Drogas do sertão is the name given by the Portuguese to certain natural products that were extracted from the Amazon rainforest in Colonial Brazil, especially during the time of the bandeirantes. Contrary to the modern use of the word sertão, the term (a shorter form of desertão, meaning "large deserted area") refers to the vast inland areas that were not under control of the Portuguese yet, especially in the Amazon region.

== Main products ==
The drogas do sertão included spices, foods, wood and vegetable oils. The main products were:

- Brazil nut
- Cacao
- Copaiba
- Guarana
- Rosewood
- Urucum

Cocoa became the most lucrative product for the Portuguese, since it was already appreciated by Europeans through Spanish contact with it in Mexico and the Caribbean. Guarana became known for its stimulating and medicinal properties, and copaiba for its aid in wound healing. Rosewood and urucum were used as condiments and natural dyes.

== Historical context ==
Through their contacts with indigenous peoples in the rainforest, the Portuguese became aware of these new products that were unknown in Europe. Since they were comparable in value and function to certain products from Asia, there were heavy disputes between the British, French, Dutch and even some Irish about control of the region.

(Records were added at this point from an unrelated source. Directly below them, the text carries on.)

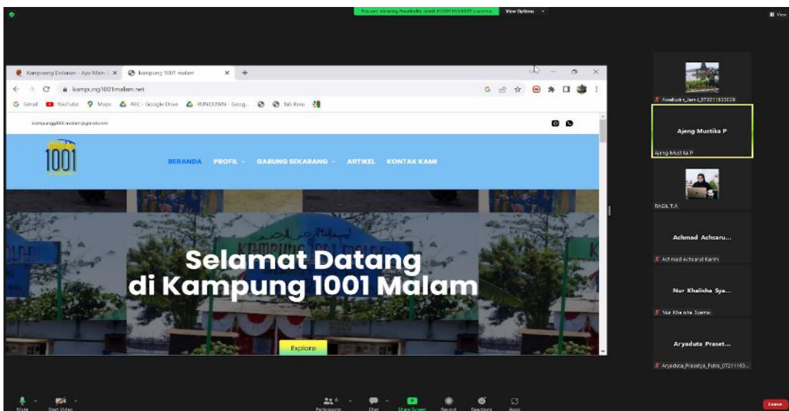
Figure 5. Website Development Discussion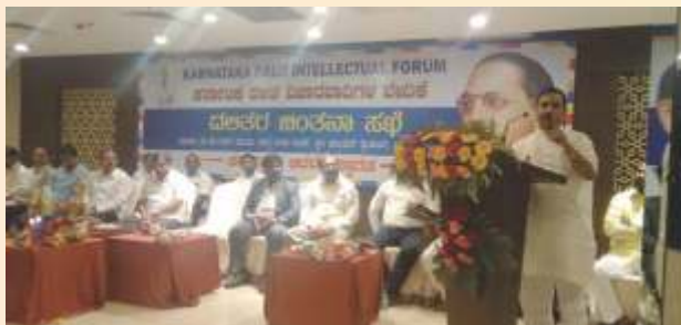
In a pro dalit symposium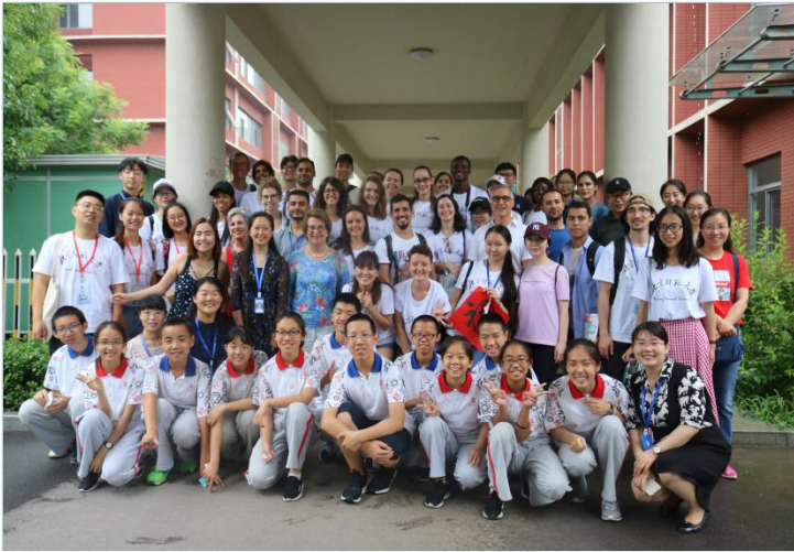
Visiting the Changping School Attached BNU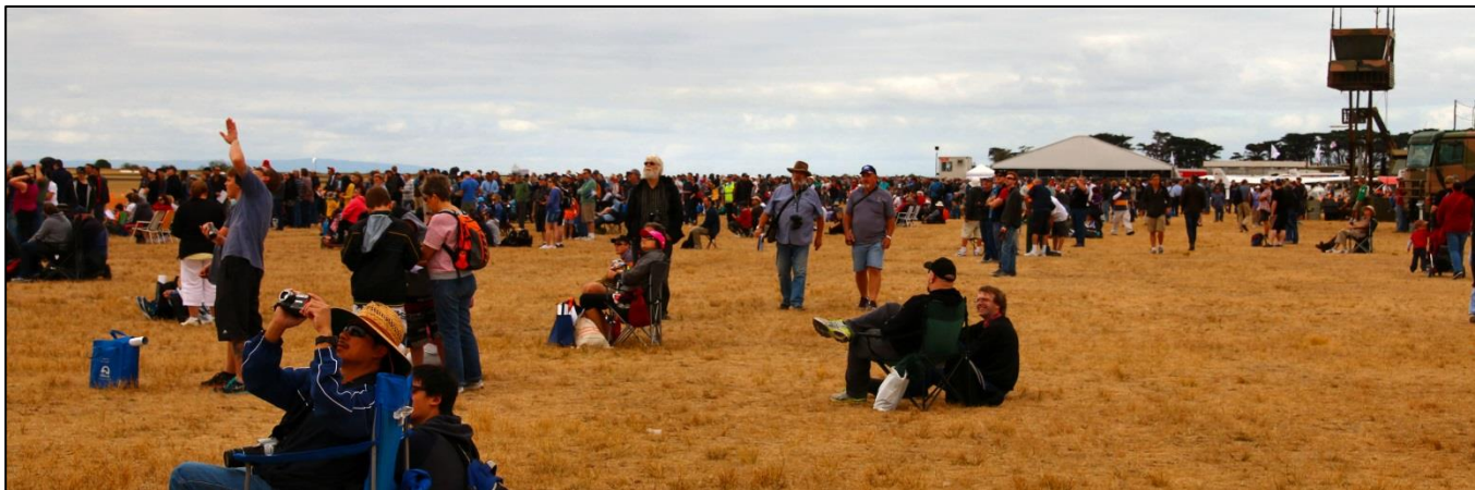
Part of the huge crowd that lined the runway to get a glimpse of the displays.

The Melbourne God turned on some good weather, cool in the morning but blue sky and warm in the afternoon and all day they streamed in through the gates with their chairs, umbrellas, rugs, eskies, cameras, found a spot on the grass and watched the flying show that commenced at 10.00am and continued non-stop until 4.00pm.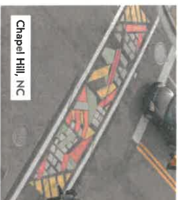
Chapel Hill, NC

Below are examples of pattern types for artistic crosswalks.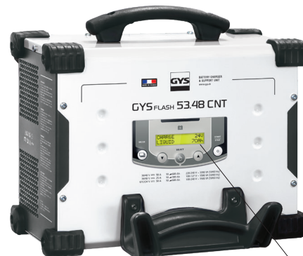
Intuitive interface available in 22 languages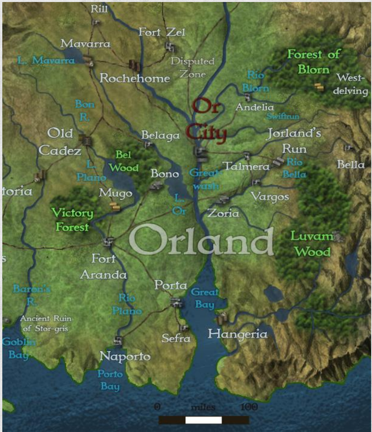
The Kingdom of Orland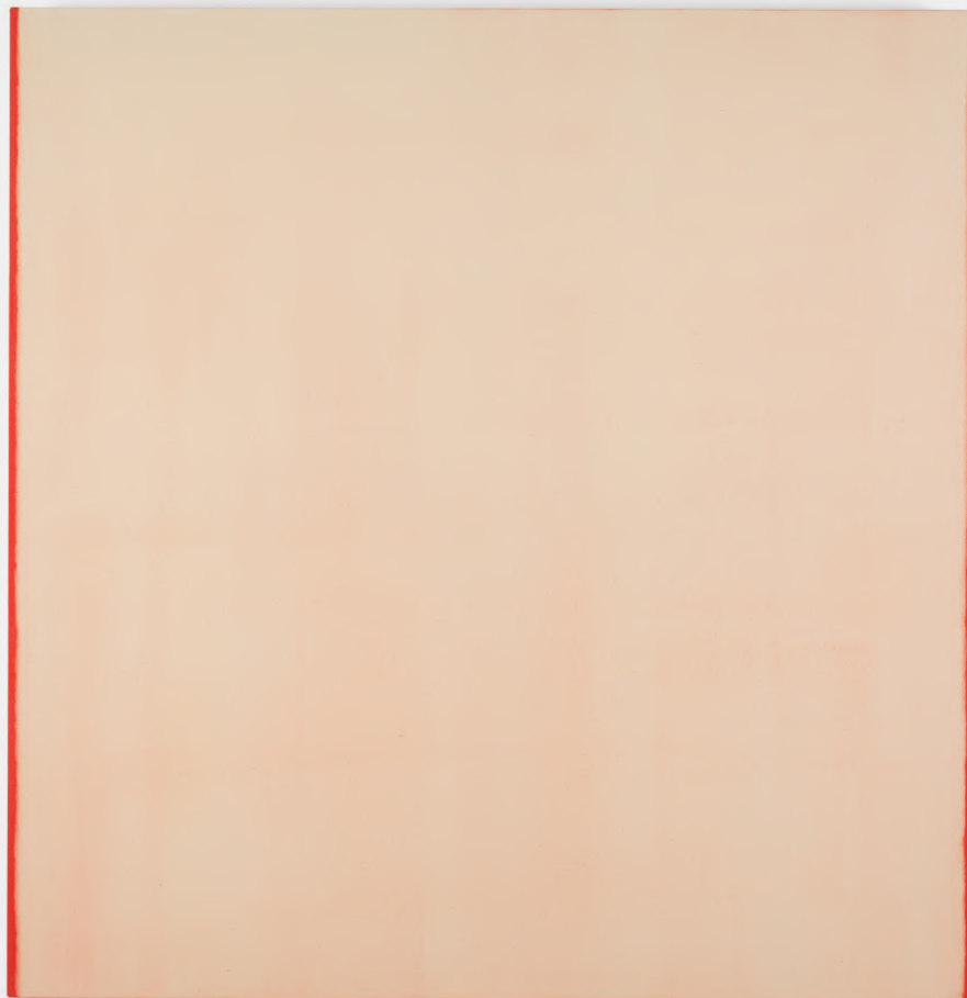
Callum Innes Untitled Cadmium Red Light, 2025 oil on canvas 160 x 156 x 4 cm / 63 x 61.4 x 1.6 in CI C 75 2025 Price: £ 110,000 (+ VAT if in EU)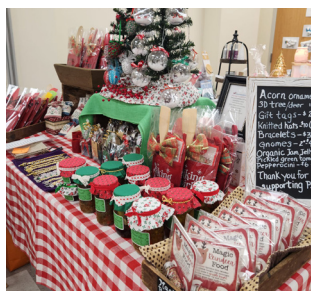
Holiday Fair - Dec. 2nd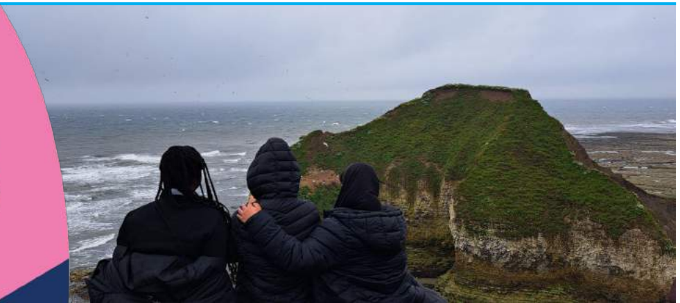
Y9 had a fab, although soggy day exploring Flamborough Head. As well as seeing landforms such as a cave and arch we were lucky to see puffins and seals.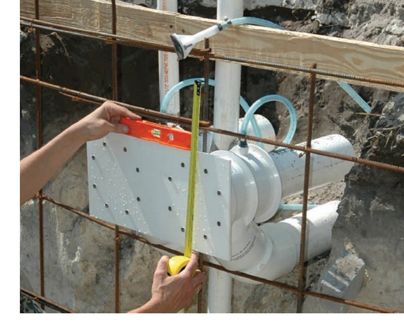
Note: All BADU SwimJet Systems are provided with installation instructions for various pool construction types: new and existing gunite or concrete pools, pools with liners, and fiberglass pools.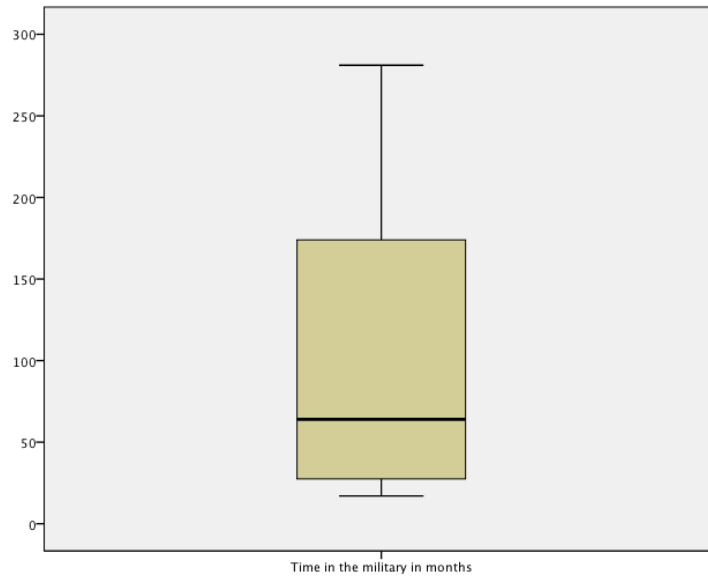
Figure 1. Boxplot graph to assess outliers for Time in Military (months).

The 29 participants' time in Germany ranged from 4 to 156 months with a mean of 30 months ( SD=34 ). Using Pallant's (2010) boxplot method, two participants were identified as outliers (more than 1.5 box-lengths from the edge of the box) and two participants were identified as extreme outliers (more than 3 box-lengths from the edge of the box) (Figure 2). Once these participants were removed from the analysis, the mean time in Germany was 18.2 months ( SD=8.2 ). The demographic data are presented in Tables 2 and 3.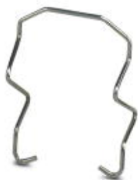
Relay retaining bracket, wire model, suitable for RIF-1 relay base, for 16 mm high octal miniature power and solid-state relays

Please be informed that the data shown in this PDF Document is generated from our Online Catalog. Please find the complete data in the user's documentation. Our General Terms of Use for Downloads are valid ( http://phoenixcontact.com/download )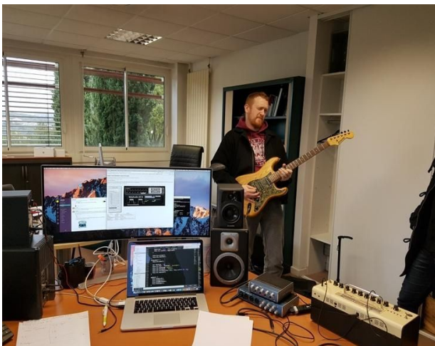
Figure 3: A typical benchmark/demo setup: a guitar, a low latency sound card, some speaker and a Web browser with our Web Audio apps running.

We did the proof of concept that many plugins could be easily included from multiple origins: (1) written in pure JavaScript / Web Audio -we made a dozen of such plugins, including the guitar tube amp simulators, and ported some others created by other developers (such as a general midi synth, etc.), (2) WebAudioModules (VST/JUCE native plugins ported to WebAssembly/AudioWorklet) or (3) written in FAUST, a popular DSL for writing DSP code, here again ported to WebAssembly/AudioWorklet. Other sources / importers are planned (eg. MAX DSP/Pure Data). Most plugins are controllable using midi controllers. We will demonstrate how easy this scheme works 3 .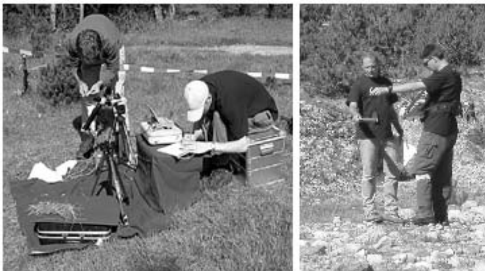
Figure 2. Spectroradiometric measurements of needle optical properties during the imaging spectrometer overflight: needle reflectance and transmittance (left), and ground reflectance (right).

The hybrid radiative transfer model (RTM) called the GeoSAIL (Huemmrich 2001) is used to describe canopy reflectance at scene level. A scene has been defined in this study as being an area of 30\ \text{m} \times 30\ \text{m} with the requirement that crown or shadow fractions are small compared to the total area modelled. The radiative transfer at foliage level is characterized by the PROSPECT model (Jacquemoud et al. 1996), which provides the foliage optical properties as a function of the biochemistry and is then subsequently coupled with the canopy RTM. The RTM GeoSAIL describes the canopy reflectance of a complete scene including discontinuities in the canopy and shadowed scene components. The RTM combines a geometric model with the SAIL model (Verhoef 1984) which provides the reflectance and transmittance of the tree crowns. The geometric model determines the fraction of the illuminated and shadowed scene components as a function of canopy coverage, crown shape and illumination angle. All trees are assumed to be identical with no crown overlap nor does the model account for mutual shading. The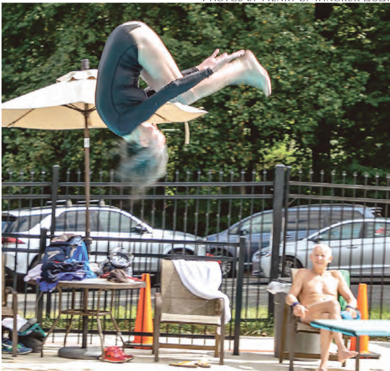
Competitors in the 2021 Northern Virginia Senior Olympics diving competition.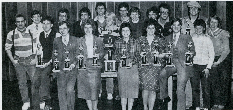
1st Place Sweepstakes Winners—North Dakota State University, Fargo, ND (Sioux)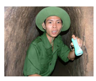
Inside Cu Chi Tunnels

Our first port of call was Vung Tau, located near Ho Chi Minh City, the former Saigon. Several options for land based tours were available and we chose to visit the Cu Chi Tunnels about a 2 ½ hour ride away. The tour focuses on the resilience of the Vietnamese fighters who both lived and fought from underground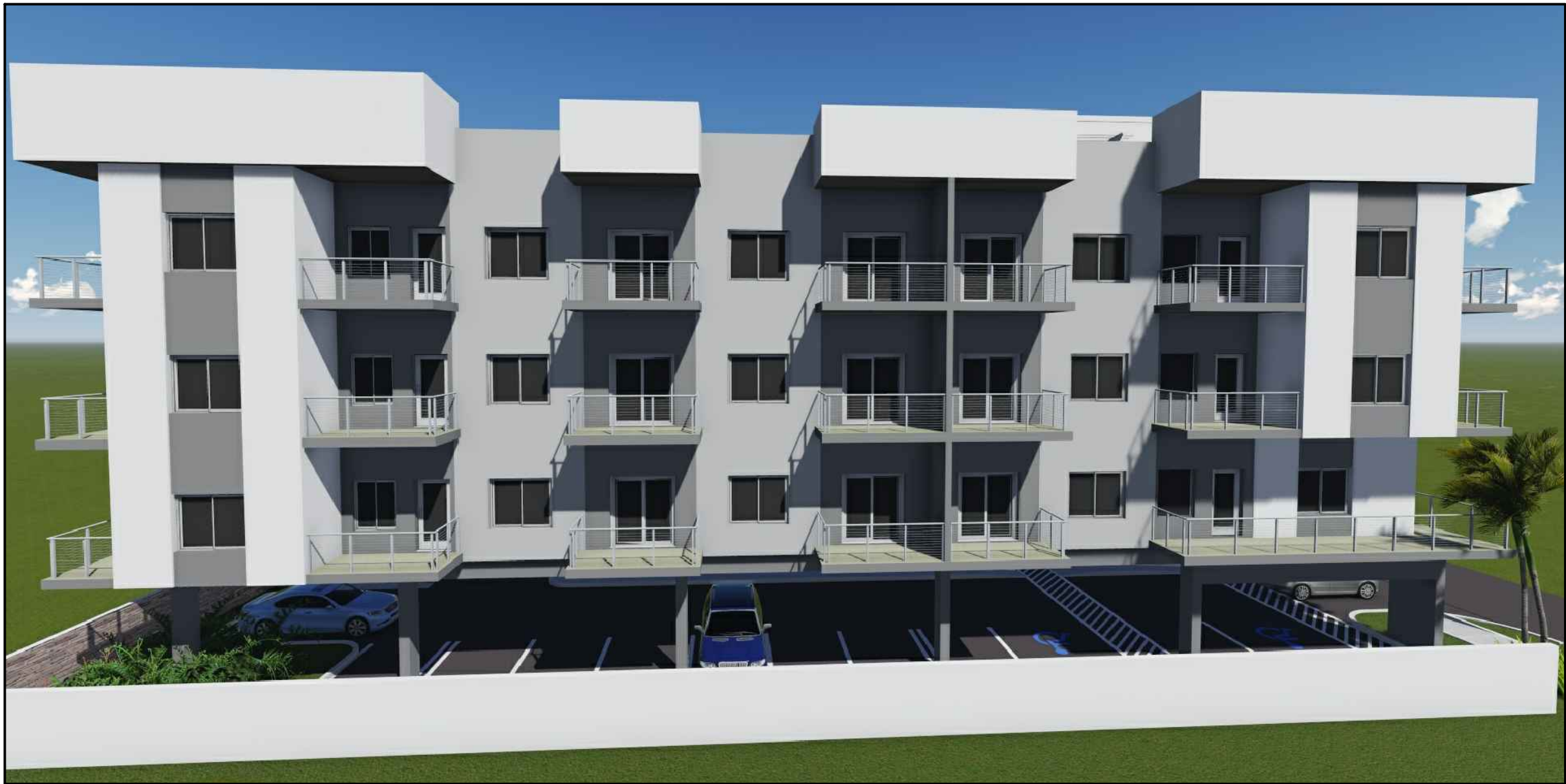
SIDE ELEVATION NORTHWEST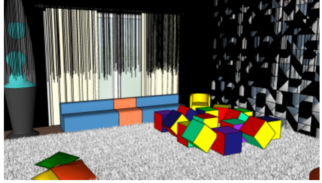
c. Sensory Room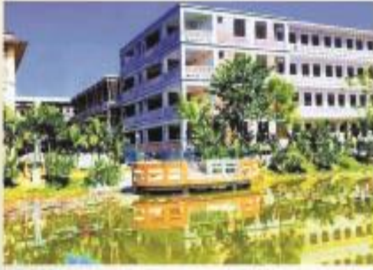
▶ Hospital Extension Building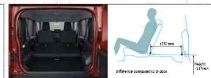
LUGGAGE AREA USABILITY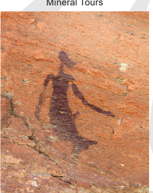
Rock Art Trails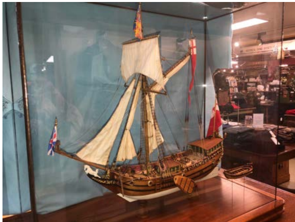
Fig. 2. Yacht Mary of 1660

In 1991, she entered her model of the Dutch Yacht, Mary , of 1660 (Fig. 2) in a contest at the Mariiner's Museum in Newport News, VA, being the first woman ever to do so. She received a Bronze Medal for that entry. By 2000, she had entered her extraordinary model of the Nonsuch (Fig. 3) and was awarded a Gold!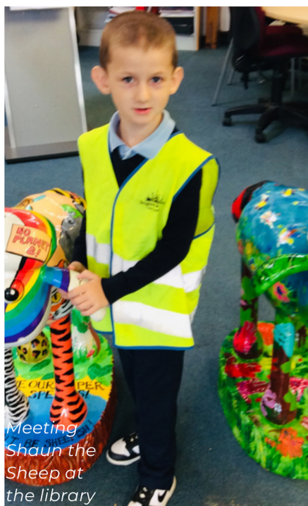
Meeting Shaun the Sheep at the library

The children selected books and enjoyed reading and listening to stories.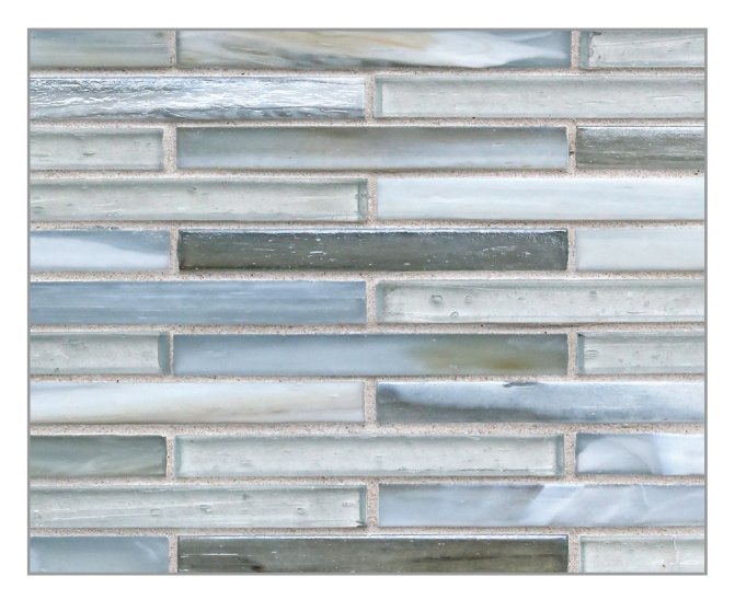
<sup>1</sup>/<sub>2</sub> x 4 Brick (11.5 mm x 100 mm)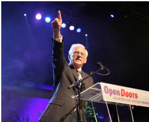
Brother Andrew, 1928-2022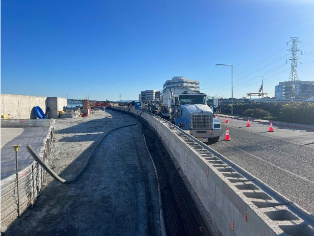
Lightweight Concrete Fill at Floodwall 7 near E. Third Ave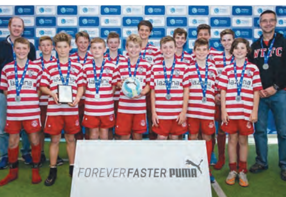
U13 C of C Runners-Up – Wahoonga.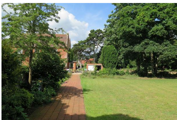
35 Brick path that leads to the house & Archive

The audio guide includes a narration of the garden.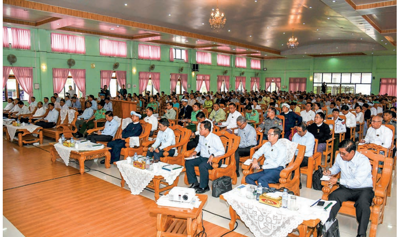
State Administration Council Chairman Prime Minister Senior General Min Aung Hlaing meets MSMEs in the Pa-O Self-Administered Zone on 29 May 2023.

ENCOURAGING MSME businesses aim to increase production, substitute import goods and export more products to foreign markets, said Chairman of the State Administration Council Prime Minister Senior General Min Aung Hlaing in his meeting with micro-, small- and medium-sized enterprises in Pa-O Self-Administered Zone yesterday afternoon. Individual reports on operating MSMEs and requirements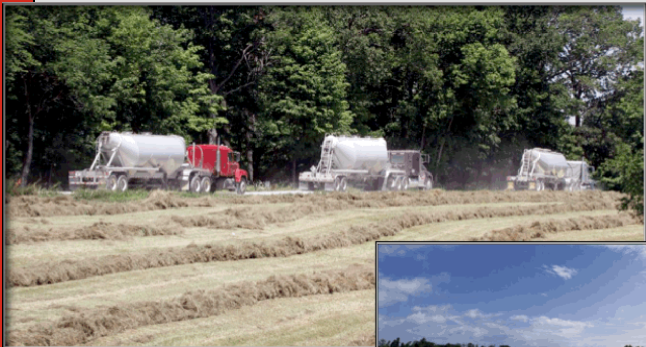
Above. Wastewater from hydraulic fracturing is trucked away from drilling operations in Pennsylvania in the Marcellus Shale and moved elsewhere in the region where it will most likely be reinjected and reused.

We also know a lot about the relationship between the orientation of potentially active faults and the ambient stress field in a given region. This also enables us to identify (and avoid) potentially problematic faults prior to injection. Potentially active faults can be identified because the relationship between the orientation of active faults and the regional stress field is well known from basic principles of structural geology and rock mechanics. In other words, only faults of certain orientations are potentially activated during injection in a given area. The earthquakes apparently triggered by fluid injection at Guy, Ark. occurred on northeast trending, near-vertical faults, consistent with what would be expected from knowledge of the regional stress field and quite similar to the trend of active faults in the New Madrid Seismic Zone immediately to the east. Had these faults been identified during site characterization studies carried out as part of the permitting process, this site would not have been used for injection.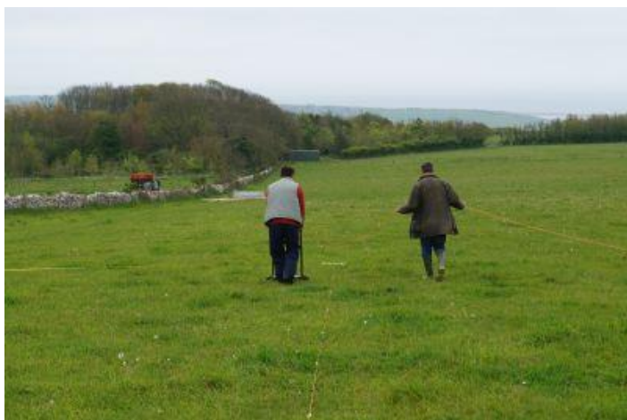
Figure 2: Case study 2: conducting resistivity survey.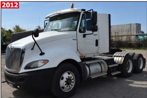
INTERNATIONAL PROSTAR tractor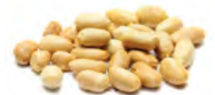
Peanuts (1/2 handful)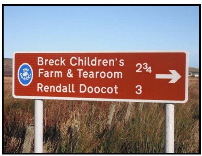
Examples of tourist sign symbols

For the Portuguese, the extraction of the drogas do sertão contributed to the integration of the Amazon region into the colonial system, to the establishment of Atlantic trade routes, to their territorial expansion and to control over the indigenous population. The trade in drogas do sertão preceded the Amazon gold rush and the Amazon rubber cycle, paving the way for these to happen centuries later.